As for IRCC, if you feel this was a marriage of convenience/marriage fraud, then state that clearly to IRCC. They will investigate and they take matters like these very seriously. If their investigation progresses, your wife will have an opportunity to give her side. IRCC waived the requirement for spouses to live together for two years after the PA lands, due to concerns that the PA could stay in an abusive relationship over fears of losing their status.

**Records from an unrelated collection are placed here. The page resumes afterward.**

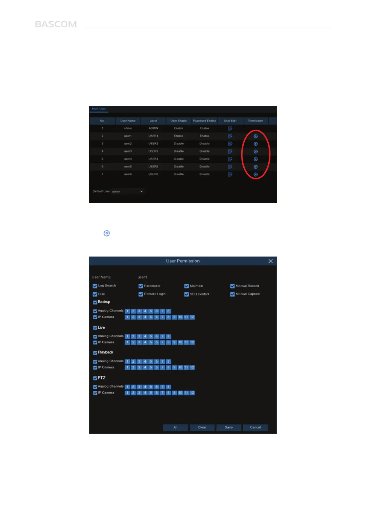 2. Check the boxes next to any system menus or capabilities you would like the user to access. Click
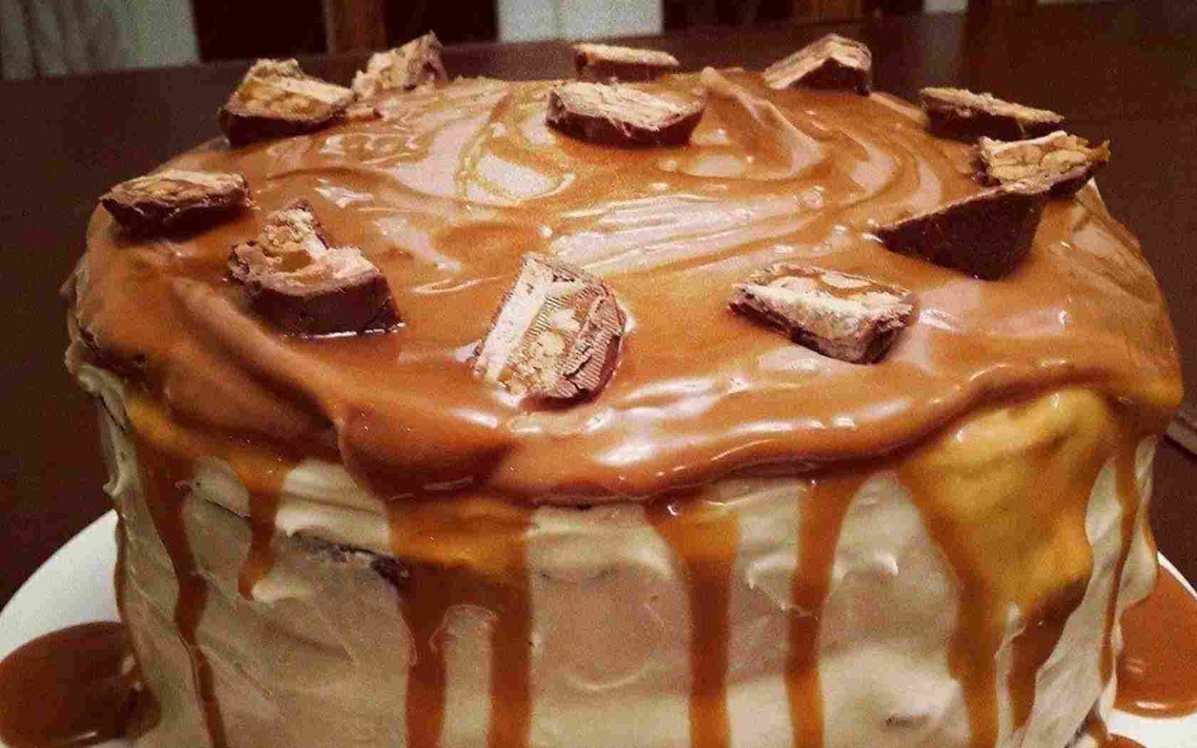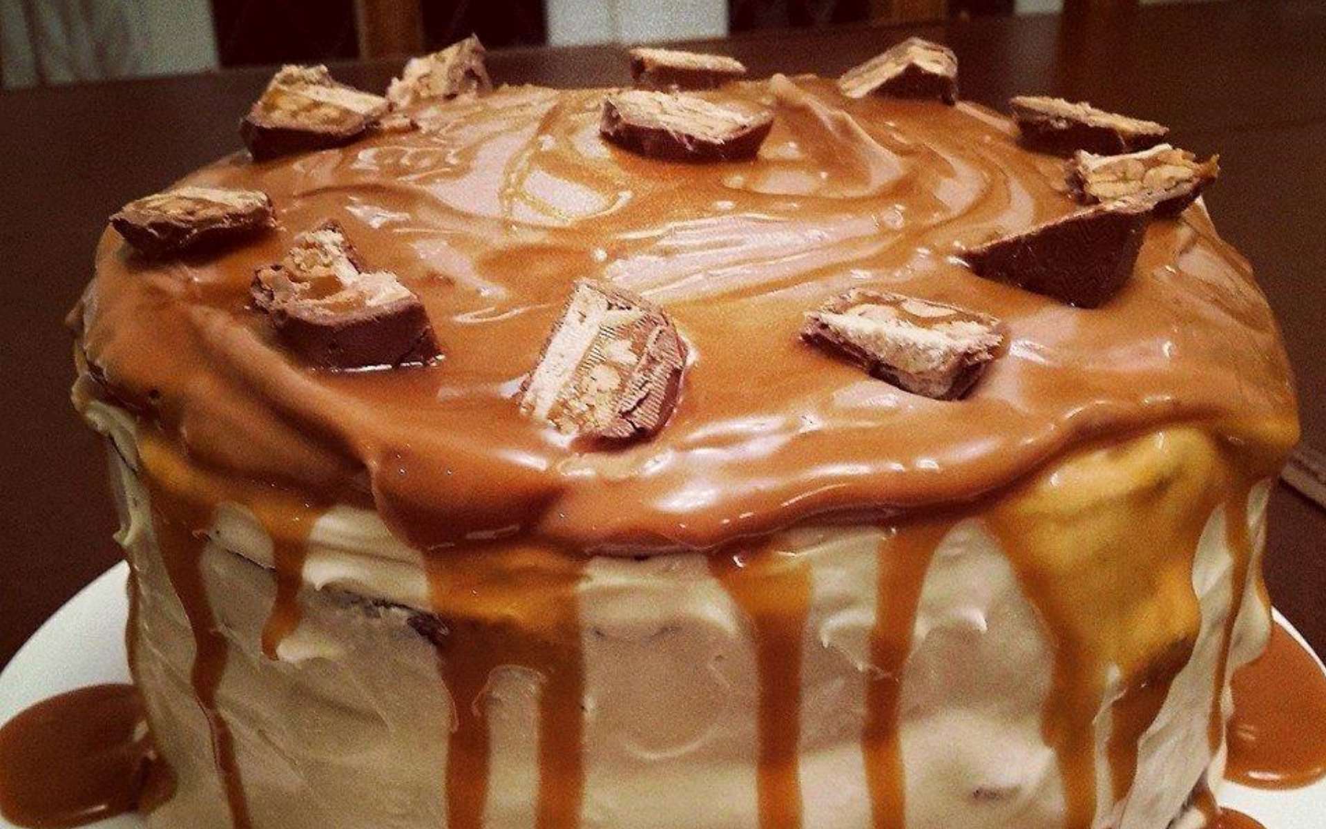 A flavourful chocolate cake topped with the popular English chocolate bar, Snickers.
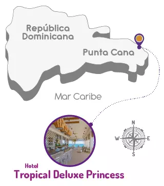 El Hotel Tropical Deluxe Princess se integra perfectamente con la extraordinaria belleza de las playas de Bávaro, que se encuentran en la provincia de Altagracia, República Dominicana. A tan solo 25 kilómetros del Aeropuerto de Punta Cana, este resort se encuentra rodeado de un hermoso palmeral y está ubicado directamente en la playa, lo que lo convierte en el destino ideal para disfrutar de unas vacaciones en familia felices en uno de los mejores hoteles de vacaciones en Punta Cana.
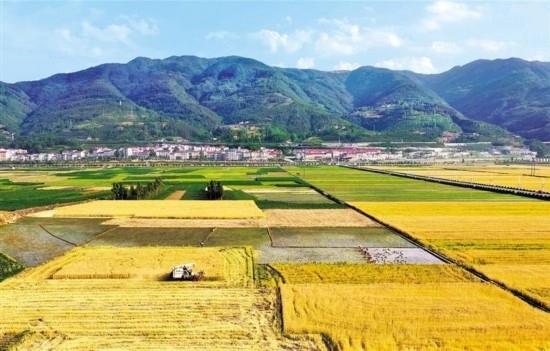 5月16日,湖北省襄陽(yáng)市保康縣馬橋鎮(zhèn)中坪村。小滿將至,當(dāng)?shù)匦←滉懤m(xù)成熟,進(jìn)入收獲季。楊 韜攝(中經(jīng)視覺)
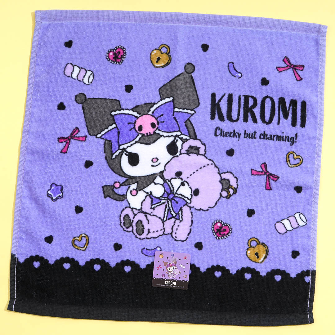 Wipe your hands after washing using this kawaii mini towel! It's decorated with an illustration of Kuromi playing with a pastel-colored teddy bear. This hand towel is made of 100% cotton that's super soft to the touch.
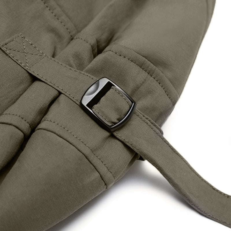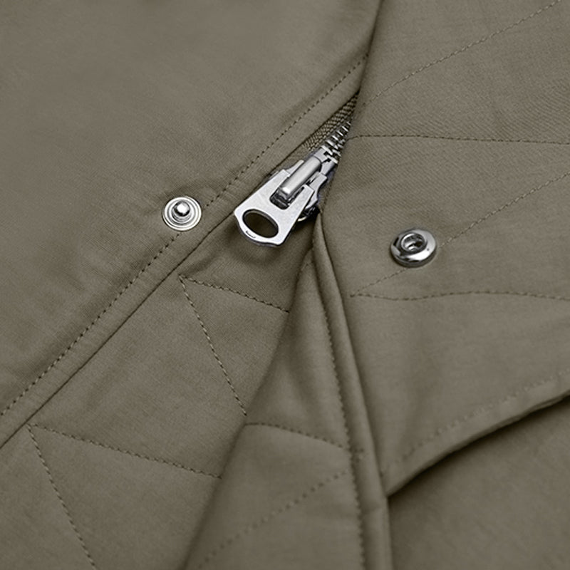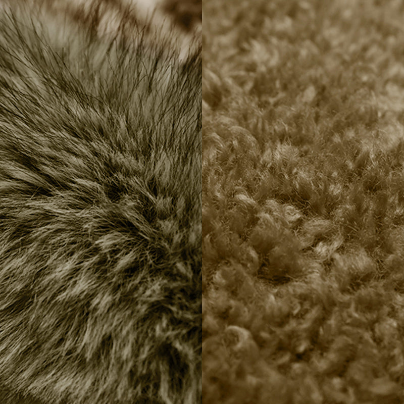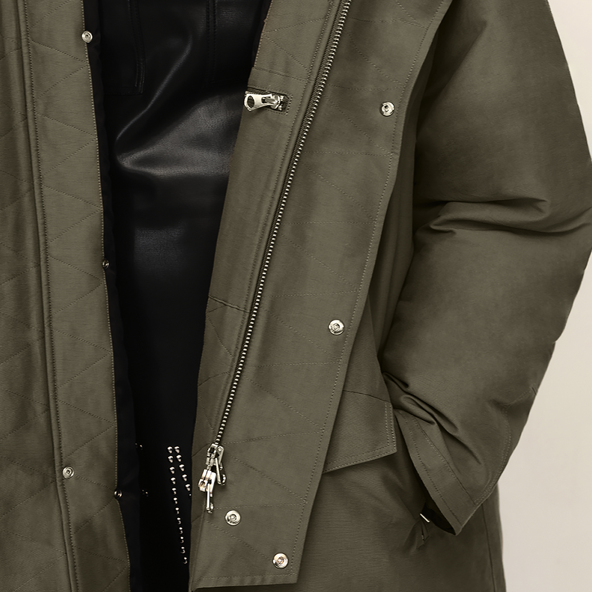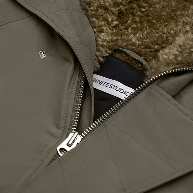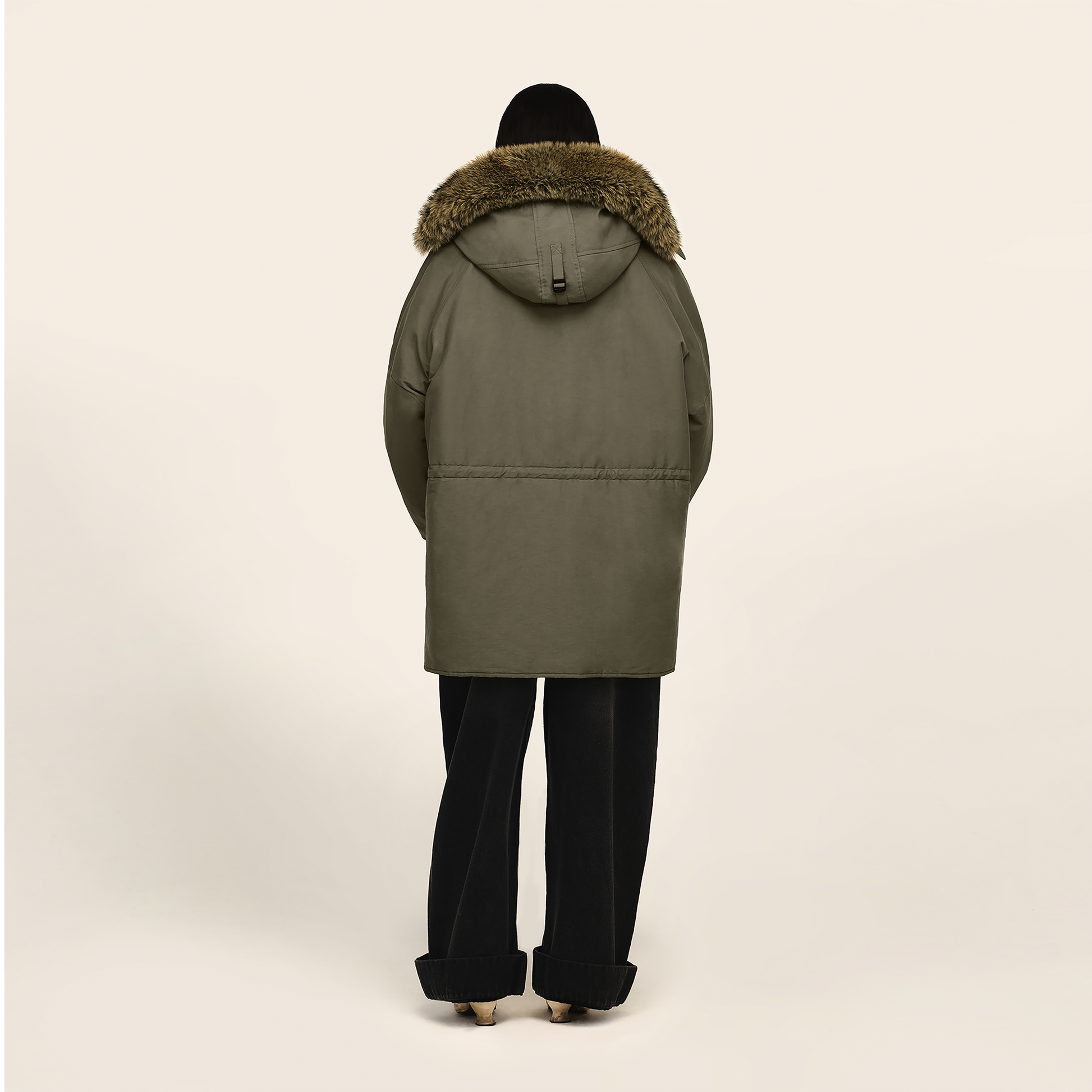 Inspired by the classic 1960s N-3B military parka, TRINITE redefines the style with a modern, streetwear-infused approach, using a glossy imported olive fabric. The coat is meticulously designed, with a faux-fur collar constructed from two types of eco-friendly fur. The hood features a brown lambskin-style faux fur lining, complemented by a layered, long-haired eco-fur trim along the outer edge, offering both warmth and a sculpted facial frame.

As it stands, your separation will not affect your wife’s PR status, and as has been stated by canuck78, you’ll be financially responsible for you wife during the period of separation, post divorce (if this is something you proceed with), for the whole three years. The only exception to this will be if you can prove the marriage was fraudulent and your wife/ex-wife is deported. Only IRCC can determine, with any evidence presented to them, that this is a case of marriage fraud. I’ve no idea how long this takes to determine.

I’m sorry you’re going through this, I can imagine it’s a painful experience. I hope this issue is resolved one way or the other.
 

dumyguy

Newbie
Sep 22, 2018
2
0
I dont think it was fraud, we were happy together and we had our lives planned out.. I guess she just decided she wanted some bonus excitement and didnt think she would get caught
 

1887CAN

Star Member
Sep 19, 2018
154
113
I dont think it was fraud, we were happy together and we had our lives planned out.. I guess she just decided she wanted some bonus excitement and didnt think she would get caught
If it’s just a marriage breakdown because it’s not working out, then I don’t think you don’t have to do anything with regard to your wife’s status or contact IRCC. I would double check with the IRCC call centre to see if they need to be informed regarding your marital status changes.

If there’s no marriage fraud or deception, and the marriage can’t be saved, you simply legally separate and file for divorce after a 12 months. There’s lots of information online about this process, and a simple uncontested divorce can be done by yourselves very easily. Hire a lawyer if you’re uncomfortable in filing the documents yourself.

You just need to be aware, as has been stated by previous posters, that irrespective of your marital status, you are financial accountable for your wife if she ever receives welfare/financial government assistance, for three years from the age she landed.